RE: [DISCUSS] HadoopInputFormat based IOs

2017-05-30 Thread Seshadri Raghunathan

+1

I think this is a good way to streamline HIFIO and native IOs.

Regards,
Seshadri
408 601 7548

-Original Message-
From: Ismaël Mejía [mailto:ieme...@gmail.com] 
Sent: Tuesday, May 30, 2017 1:47 PM
To: dev@beam.apache.org
Subject: Re: [DISCUSS] HadoopInputFormat based IOs

The whole goal of this discussion is that we define what shall we do when 
someone wants to add a new IO that uses HIFIO. The consensus so far following 
the PR comments + this thread is that it should be discouraged and those 
contribution be included as documentation in the website, and that we should 
give priority to the native implementations, which seems reasonable (e,g, to 
encourage better implementations and avoid the maintenance burden).

So, I was wondering what would be a good rule to justify that we have tests for 
some data stores as part of the tests of HIFIO and I don't see a strong reason 
to do this, in particular once those have native implementations, to be more 
clear, in the current case we have HIFIO tests (jdk1.8-tests) for 
Elasticsearch5 and Cassandra which both are not covered by the native IOs yet. 
However once the native IOs for both systems are merged I don't see any reason 
to keep the extra tests in HIFIO, because we will be doing a double effort to 
test an IO that is not native, and that does not support Write, so I think we 
should remove those.
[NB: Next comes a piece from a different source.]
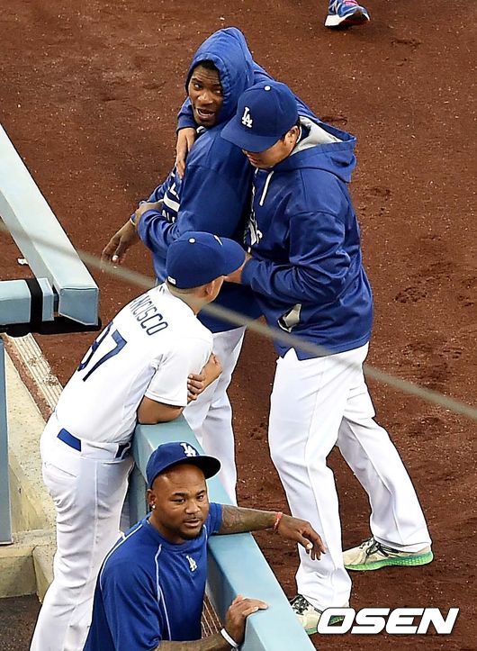 경기 시작을 앞두고 다저스 투수 류현진과 푸이그가 장난을 치고 있다.

Also not having this in the source code base would be 
consistent with the ideas of the previous paragraph.

But well maybe I am missing something here, do you see any strong reason to 
keep them.

Re: [DISCUSS] HadoopInputFormat based IOs

2017-05-30 Thread Ismaël Mejía

The whole goal of this discussion is that we define what shall we do
when someone wants to add a new IO that uses HIFIO. The consensus so
far following the PR comments + this thread is that it should be
discouraged and those contribution be included as documentation in the
website, and that we should give priority to the native
implementations, which seems reasonable (e,g, to encourage better
implementations and avoid the maintenance burden).
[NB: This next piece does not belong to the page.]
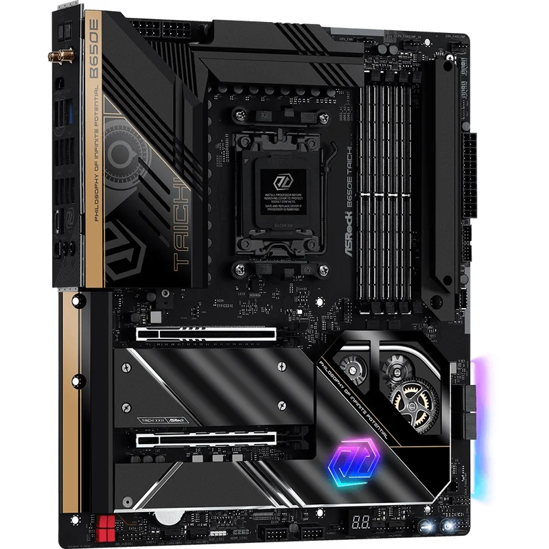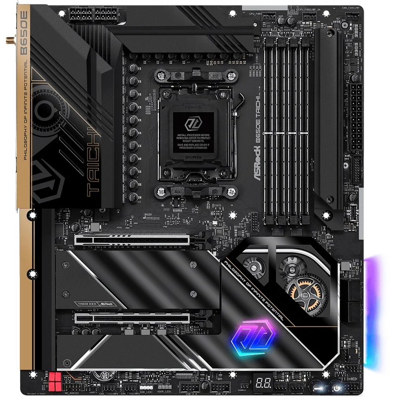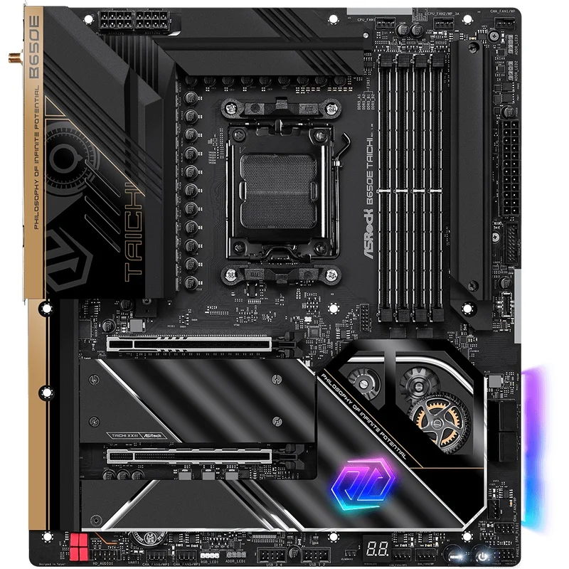 Taichi - це філософське поняття, що відображає неподільність і нескінченний потенціал. Материнська плата, яка впорається з будь-якими завданнями! Вода завжди набуває форми судини, в якій знаходиться. Стань подібний до води. Будь гнучким і універсальним у будь-якій ситуації. Особливості: Чудова продуктивність - PCIe Gen5 (Graphics, M.2) - Підтримка двоканальної пам'яті DDR5 - USB4 Type-C Port (40 Гб/с) Бездоганна надійність - Друкована плата серверного класу з низькими втратами - 24+2+1 Power Phase, 105A SPS for VCore+GT з Укрупнений радіатор - Гнучка вбудована панель роз'ємів - Конденсатори Nichicon 12K Black (100% виготовлені в Японії полімерні конденсатори високої якості та провідності) Ультрашвидкі ігри - Killer 2.5G LAN, Killer 802.11ax Wi-Fi 6EModule - Killer DoubleShot Pro - ASRock Lightning Gaming Ports Оновлення EZ - Перемикач BIOS Flashback - Автоустановник драйверів ASRock

So, I was wondering what would be a good rule to justify that we have
tests for some data stores as part of the tests of HIFIO and I don't
see a strong reason to do this, in particular once those have native
implementations, to be more clear, in the current case we have HIFIO
tests (jdk1.8-tests) for Elasticsearch5 and Cassandra which both are
not covered by the native IOs yet. However once the native IOs for
both systems are merged I don't see any reason to keep the extra tests
in HIFIO, because we will be doing a double effort to test an IO that
is not native, and that does not support Write, so I think we should
remove those. Also not having this in the source code base would be
consistent with the ideas of the previous paragraph.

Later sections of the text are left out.